Problem statement →
Output, word for word and without pictures, the lines from the one containing "Kurulda Özsan’la aynı" through the final line of the listing below.

Recorded data →

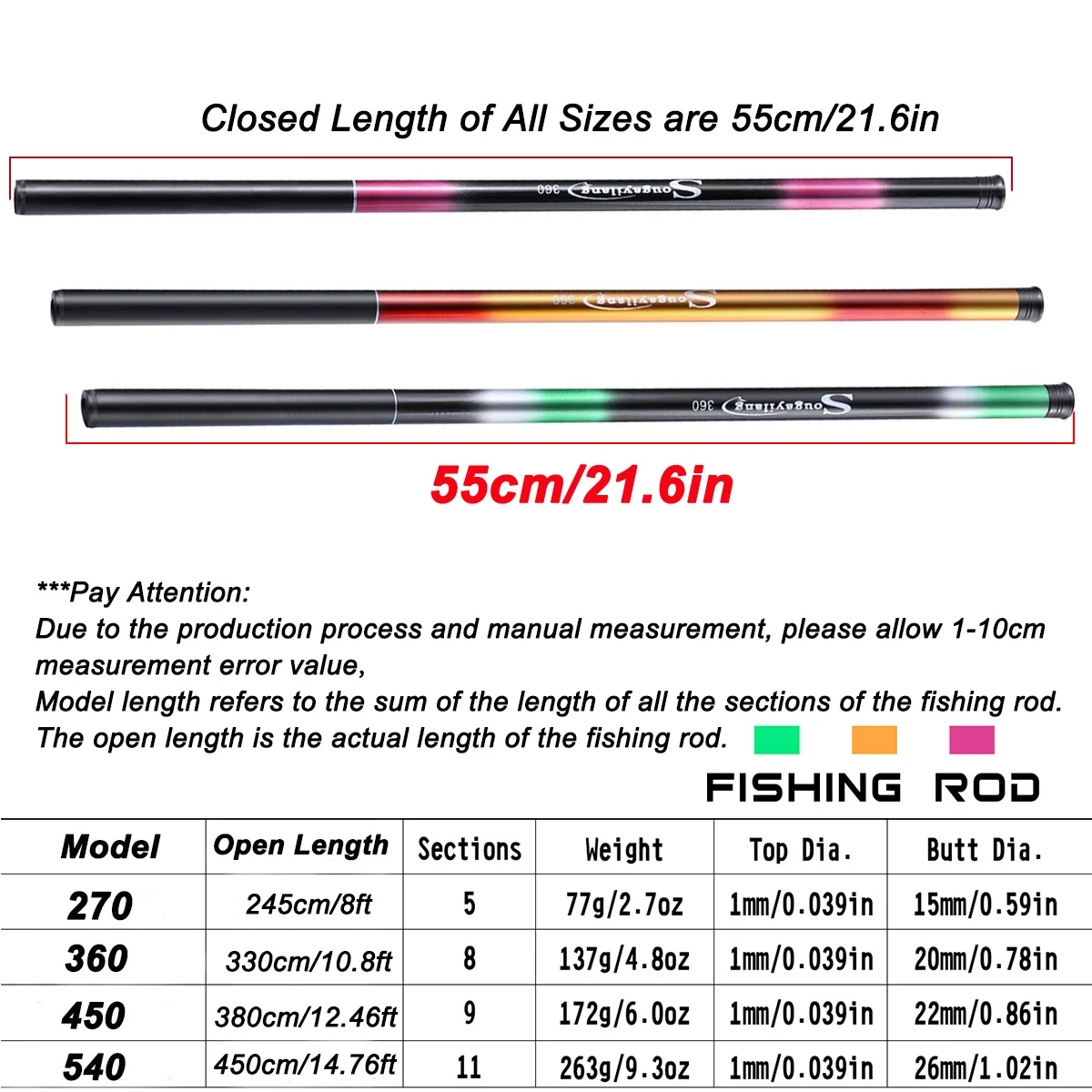 Sougayilang caña de pescar de carpa 2,45 m 3,3 m 3,8 m 4,5 m caña de pescar telescópica ultraligera portátil arrastre máximo 5 kg herramientas de pesca Pesca
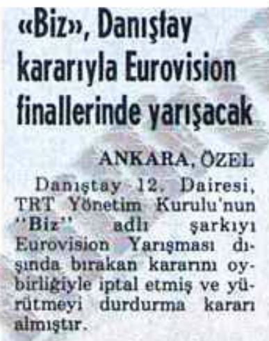 Kurulda Özsan’la aynı fikirde olmayan üyeler de sesini yükseltince bir buçuk saat süren tartışmalara son noktayı TRT Genel Müdürü Cengiz Taşer koyacaktı: “Biz bu parçayı reddedersek, geçen yılki ‘İnsanız Biz’ adlı parça gibi Danıştay’dan geri döner. Buna meydan vermemek gerekir.”
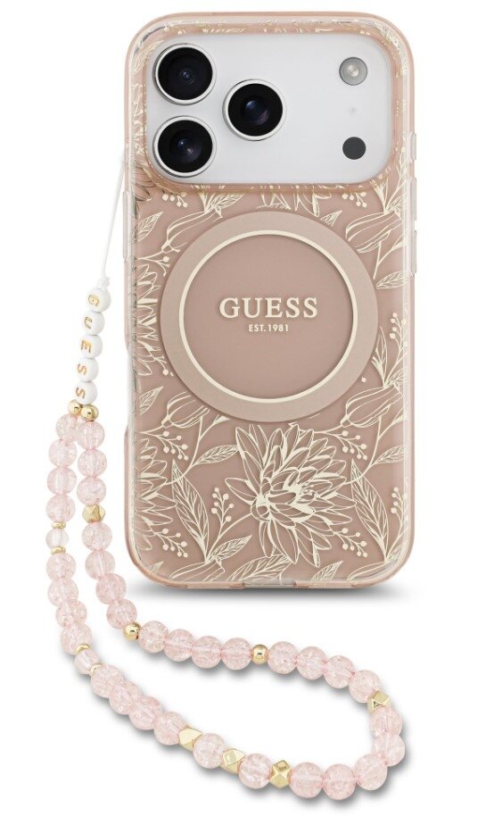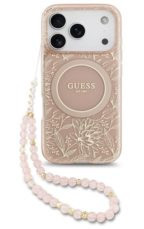 Stylový Guess kryt (GUHMP17LHCPOFPP) s květinovým motivem a korálkovým poutkem na ruku přináší pohodlí, bezpečnost i eleganci. Kombinace PC (polykarbonát) a TPU (termoplastický polyuretan) zajišťuje odolnost, zatímco podpora MagSafe umožňuje bezdrátové na
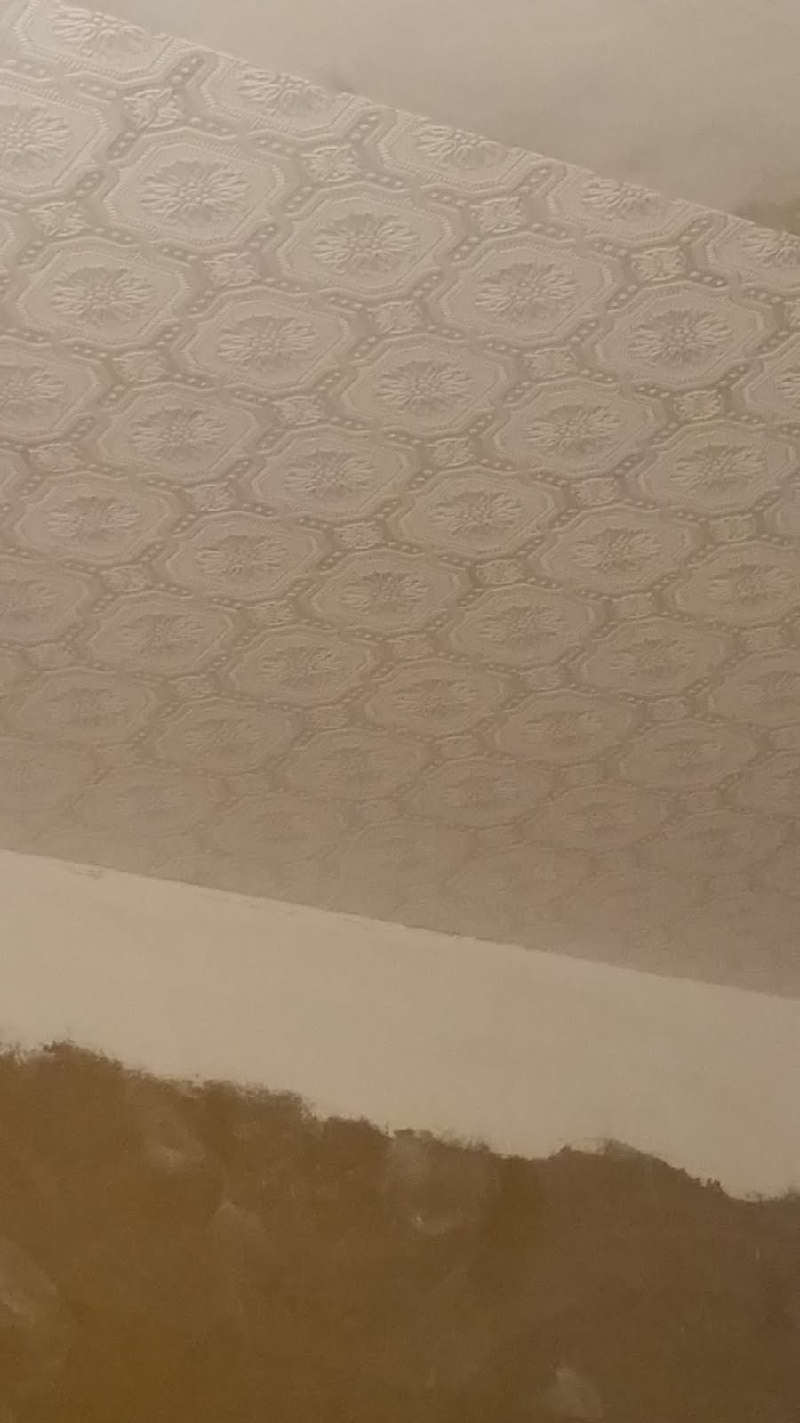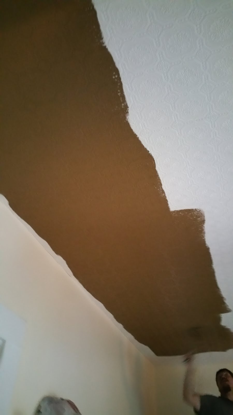 Once the wallpaper was up on the ceiling and had dried we set about painting it. First a light brown primer and then the metallic paint.

Task solution →
 Kurulda Özsan’la aynı fikirde olmayan üyeler de sesini yükseltince bir buçuk saat süren tartışmalara son noktayı TRT Genel Müdürü Cengiz Taşer koyacaktı: “Biz bu parçayı reddedersek, geçen yılki ‘İnsanız Biz’ adlı parça gibi Danıştay’dan geri döner. Buna meydan vermemek gerekir.”
 Stylový Guess kryt (GUHMP17LHCPOFPP) s květinovým motivem a korálkovým poutkem na ruku přináší pohodlí, bezpečnost i eleganci. Kombinace PC (polykarbonát) a TPU (termoplastický polyuretan) zajišťuje odolnost, zatímco podpora MagSafe umožňuje bezdrátové na
 Once the wallpaper was up on the ceiling and had dried we set about painting it. First a light brown primer and then the metallic paint.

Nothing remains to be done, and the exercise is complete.